Auch das Alter und die damit oft verbundene Verbundenheit mit der Heimat beeinflussen den Wunsch, in die Heimat zurückzukehren, was die Rückkehrwahrscheinlichkeit älterer Menschen erhöht.

Interessanterweise ist dies auch bei einigen Naturkatastrophen der Fall. Nachdem der Hurrikan Katrina 2005 die Menschen gezwungen hatte, New Orleans zu verlassen, kehrte nur die Hälfte der erwachsenen Einwohner unter 40 später in die Stadt zurück. Dem stehen zwei Drittel der über 40-Jährigen gegenüber, die sich entschieden haben, nach Hause zu gehen.

Lindal Dawsy sitzt auf der Veranda ihres FEMA-Anhängers neben den Überresten ihres alten Hauses am 25. Mai 2006 in Pearlington, Mississippi. Dawsy hatte keine Hausratversicherung und war sich nicht sicher, ob sie bleiben und wieder aufbauen würde.

Wiederaufbau

Der Wiederaufbau von Häusern, die Rückgabe von Eigentum, das von anderen besetzt wurde, und die Bereitstellung von Entschädigungen für Eigentumsverluste während des Krieges sind von entscheidender Bedeutung, um Menschen zu ermutigen, nach der Vertreibung nach Hause zurückzukehren.

Diese Arbeit wird in der Regel von der Post-Konflikt-Regierung oder internationalen Organisationen wie der Weltbank und den Vereinten Nationen finanziert. Menschen brauchen Orte zum Leben und bleiben eher in Zufluchtsorten, wenn sie kein Zuhause haben, in das sie zurückkehren können.

Es gibt Ausnahmen von dieser Regel. Nach ethnischen Konflikten waren Flüchtlinge und Binnenvertriebene nicht bereit, in ihre Häuser in ethnisch gemischten Vierteln zurückzukehren, als sowohl in Bosnien als auch im Libanon wieder Frieden einkehrte . Sie zogen es vor, in neuen Gemeinschaften zu leben, wo sie von Menschen ihrer eigenen ethnischen Zugehörigkeit umgeben sein könnten.

Nicht nur über Frieden

Schließlich ist es nicht nur der Frieden, sondern auch die politische Kontrolle, die für Menschen wichtig ist, die eine Rückkehr in Betracht ziehen.
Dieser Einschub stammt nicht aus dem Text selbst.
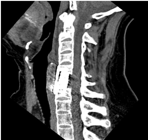
Figure 2: Internal instrument fixation over C5-7 with titanium mesh cage fusion.

identification of stable fractures is substantial in avoiding adverse neurologic outcome result from spine fracture [5]. Computed tomography (CT) may be the first choice with a shorter scanning time, and it can show bony details, including fractures and fragments. MR imaging can be much helpful in some patients with diagnostic limitation. 6 Prompt imaging studies of CT or MRI should be arranged to establish the diagnosis if needed.
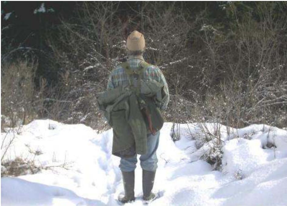
You can't carry as much on web gear, but a coat and waterproof poncho are easily hung on the back.

Backpacks might be considered cumbersome to many who are out for the hike and to collect berries, mushrooms or other foragings. Needing to carry something for their collectings, foragers sometimes find the extra bulk of carrying a backpack too burdensome and choose other methods to carry gear. This certainly allows for more maneuverability and more natural walking. The drawback to these methods is that you will be unable to carry as much gear. Fortunately, it is not the amount of gear you carry that will keep you alive. It is what you can do with it. You may find that you can carry all the gear necessary in a butt-pack, load bearing vest or web harnesses. The same rules of quality that applies to backpacks will apply to your other carry methods. Purchase web harnesses and butt-packs made from sturdy canvas with sturdy stitching. Military surplus in very good to excellent condition is a good choice. Stay away from mesh load bearing vests that unravel easily. Instead, purchase well made fishing and hunting vests that hold together well in the brush.
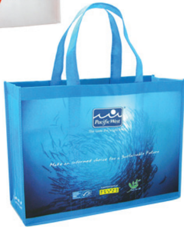
C. 18" non-woven pp handles
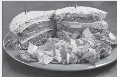
The "Beautiful Bonnie," newly named for our darling EggHead Bonnie Woods

Many of you will be happy to hear that we now offer turkey sausage! And for those of you making a New Year's resolution to eat better and be more healthy, we've added another item to our HOP (Healthy Obsession Program) Menu called " Shi's Super Food Scramble " which is egg whites, spinach, broccoli, red bell peppers and zucchini all scrambled up, served with toast (dry, of course), and a fruit cup or sliced tomatoes. We've permanently added the " Lake Taco " and " Wesley's Tri Tip Delight " omelettes, and tri tip is now an option on sandwiches and salads. Another salad option is lemon butter shrimp on the Caesar. Yum! We also added a new " Top Shelf Bloody Mary " in our Reno locations, made with Grey Goose vodka served with a crispy strip of bacon in it!
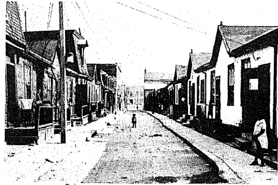
Gilead Place, 1936. A typical street of small houses in Cabbagetown. In 1919, the city directory listed simply "Macedonians" or "Foreigners" for some of the people living in these cottages. -City of Toronto Archives-D.P.W. 33-62
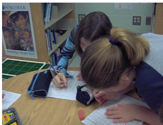
Two Students from Champlain Elementary School are shown graphing the artifacts that they have discovered in the Society's Archaeological Dig Boxes.
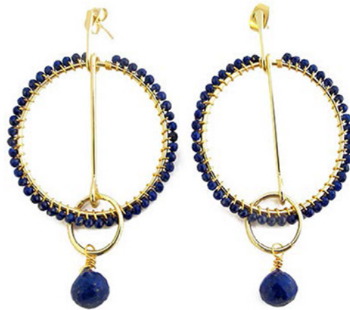
SHINY GOLD CIRCLE EARRINGS WITH LAPIS LAZULI CODE: S17GE22 COST: R 410 LENGTH: 7CM MATERIALS: 22KT GOLD PLATED BRASS, LAPIS LAZULI
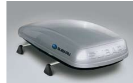
31 Transport box (Short) E361EYA801 Size: 1,792 x 797 x 355 mm. Volume: 380 litres. *Carrier base required.
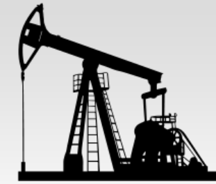
Oil field equipment with high heat and vibration
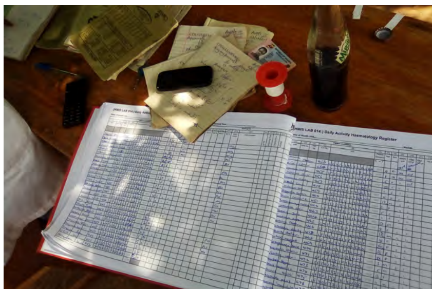
Figure 20. A patient register with columns for the NIN.

Many health workers we spoke with did identify some benefits to writing down their patients' NIN and basic biographical and health information. Mainly, they believed that this made it easier to identify individual patients and to follow up with them about treatments. However, many health workers also said that while it was a requirement to ask for an NIC and register the NIN, they often did not enforce it because it meant that they would have to deny care to patients in need—and because they feared reprisals from angry community members.
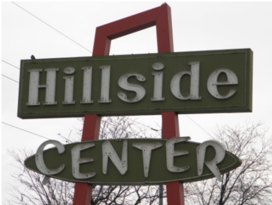
Hillside Center Sign, 2525 11 th Avenue

During 2015, the Commission designated the Hillside Center Sign at 2525 11 th Avenue and the Southard Gillespie House at 1103 9 th Avenue on the Register for historical, architectural, and geographical significance.
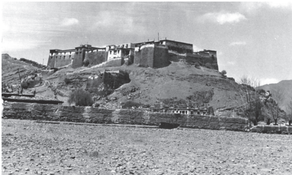
Fig. 3: Gong dkar Fortress at Lower sKyid shod (Photo: Ernst Schäfer, April 1939; German Federal Archive, Bild 135-S-15-24-12). The original caption mistakenly reads “Tschitischio” (ICe bde zhol).

dBus Province. 18 Was he, the early-deceased father of Byams pa gling pa, the first official under the Phag mo gru pa to become the ruler of what constituted Yar rgyab in the late fourteenth or early fifteenth century? In any case, it seems that the Yar rgyab pa became firmly established in southern dBus during the reign of Gong ma Grags pa rgyal mtshan (r. 1385–1432). Byang chub nram rgyal depicts a close relation with the Phag mo gru pa government during the rule of the fifth gong ma , who entrusted three of rDor bkraś du dben sha’s sons with high administrative positions and land estates to the west of sNe gdong, comprising the valleys of Grwa, Dol, gZhung and Gong dkar. 19 These fertile valleys on the southern gTsang po side, which
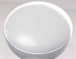
AQS-1 Air Quality Sensor
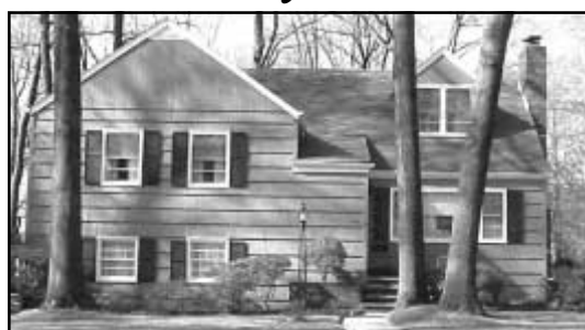
Offered at $334,500

Delightful 3 Bedroom Split near Jefferson School in WESTFIELD. Entrance vestibule, Living Room with stone fireplace & picture window, Formal Dining Room, Eat-in Kitchen and Family Room. Spacious rooms, central air, full basement, generous closet & storage space plus an attached garage and wonderful backyard.
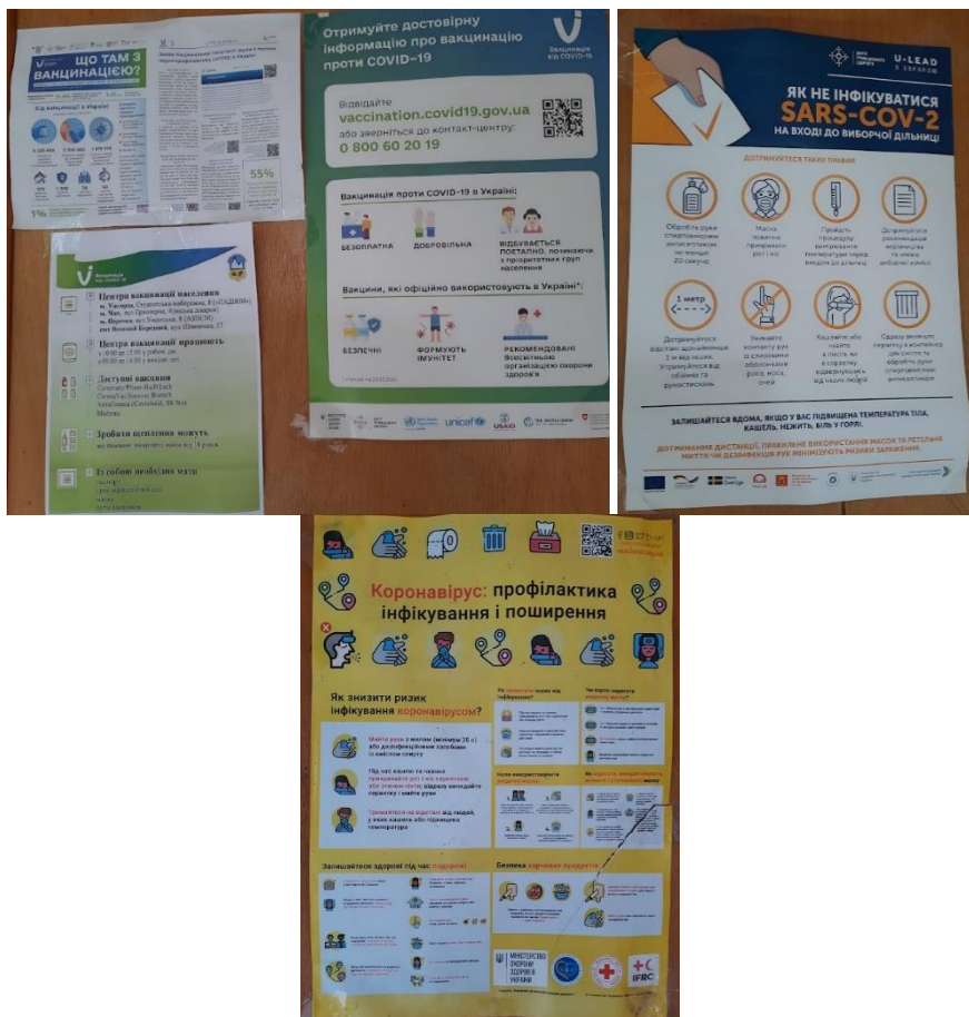
Picture 6. Posters distributed by the Ministry of Health of Ukraine
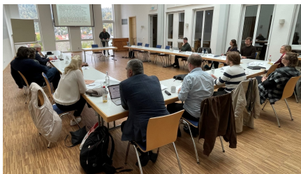
Note: aef-workshop in Bad Liebenzell Germany
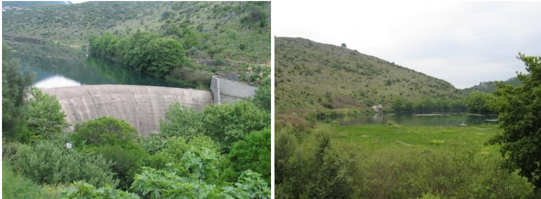
Figs. 7a & 7b. Louros arch-gravity dam, in Louros river (Fig. 7a). Partial filling of the Louros artificial lake with sediments (Fig. 7b)

Also have appeared alterations in geomorphological processes (disruption of the morphology of Louros river watershed, etc.), which are caused by Louros hydroelectric dam which result to changes at erosion phenomena of the river basin and at the transport-deposition of sediments. Changes in the delta and the coastline are negligible because of the limestone composition of geological substrate in the Louros watershed and low particulate matter/sediments production. Despite the construction of the Louros dam; in 1954; in the Louros river; up-dam area: 43%; the sediment load of the river has not changed significantly, due to its initially low sediment load [30,31] (Fig. 8a).
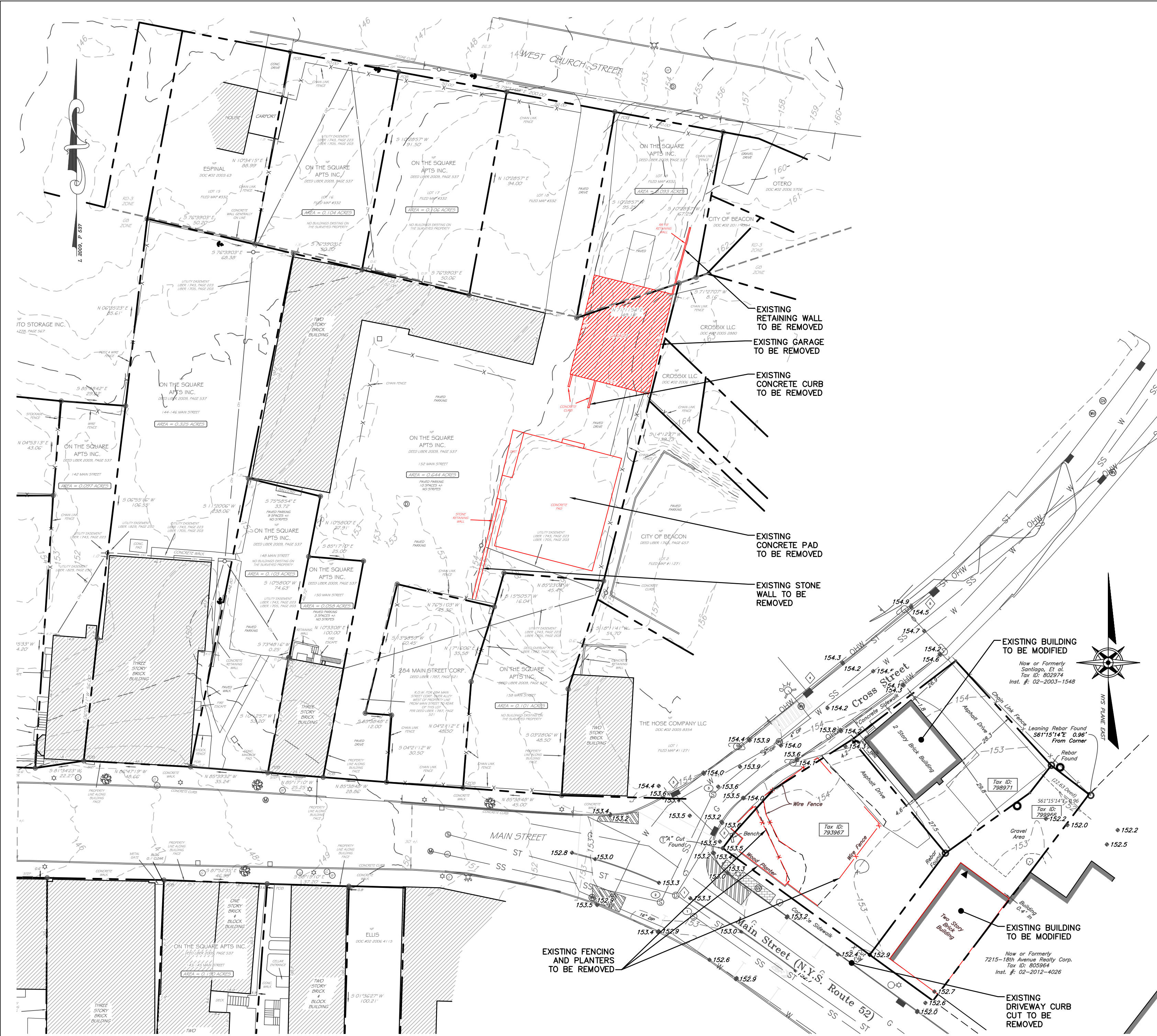
LEGEND EXISTING CONDITIONS AND REMOVALS PLAN SCALE: 1" = 30'
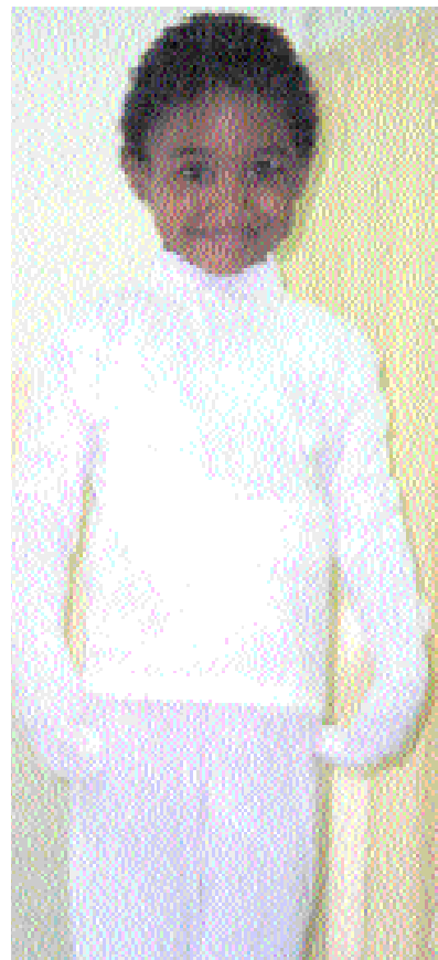
Fig. 4. Wet wraps in an older child. Note relative sparing of the face.

• Oil of evening primrose may be helpful, but more RCTs are needed to confirm the beneficial effects, particularly in view of the cost involved. Therefore oil of evening primrose is not routinely recommended in our centre but neither is it discouraged in the individual patient who inquires about its usefulness (discuss the insufficient evidence with the patient or parent).
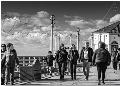
25 - Windy day on the pier.jpg

Fast 5,7 Millionen syrische Flüchtlinge bleiben nach mehr als 11 Jahren Krieg in ihrem Land im Libanon, Jordanien, der Türkei und anderen Ländern. Der syrische Präsident Bashar al-Assad hat die politische Macht behalten , und einige Teile Syriens haben seit 2018 keinen aktiven Konflikt mehr erlebt. Aber es ist immer noch nicht sicher für diese Flüchtlinge, nach Syrien zurückzukehren und dort zu leben.

Die wirtschaftliche Lage des Landes ist katastrophal . Assads Regierung und verwandte Milizen führen immer noch Entführungen, Folter und außergerichtliche Tötungen durch .

Selbst wenn Russland sich zurückzieht und seine Streitkräfte vollständig aus der Ukraine abzieht, werden einige ethnische Russen, die vor dem Konflikt in der Ukraine lebten, mit geringerer Wahrscheinlichkeit dorthin zurückkehren. Eine Rückkehr ist am wahrscheinlichsten, wenn die Regierung und die Rückkehrer mit dem Ergebnis zufrieden sind und die Menschen in ihr eigenes Land zurückkehren.

Die russische Gewalt in der Ukraine hat die unscharfe Trennung zwischen ethnischen Russen und ethnischen Ukrainern in eine helle Linie verwandelt. Es ist unwahrscheinlich, dass die komfortable Koexistenz der beiden Gruppen innerhalb der Ukraine wieder aufgenommen wird.

Sandra Joireman ist Weinstein Chair of International Studies und Professorin für Politikwissenschaft an der University of Richmond in Richmond, Virginia. Sie erhält finanzielle Unterstützung von der University of Richmond, dem Fulbright-Programm und der Earhart Foundation.

Dieser Artikel wurde von The Conversation unter einer Creative Commons-Lizenz neu veröffentlicht. Den Originalartikel finden Sie hier.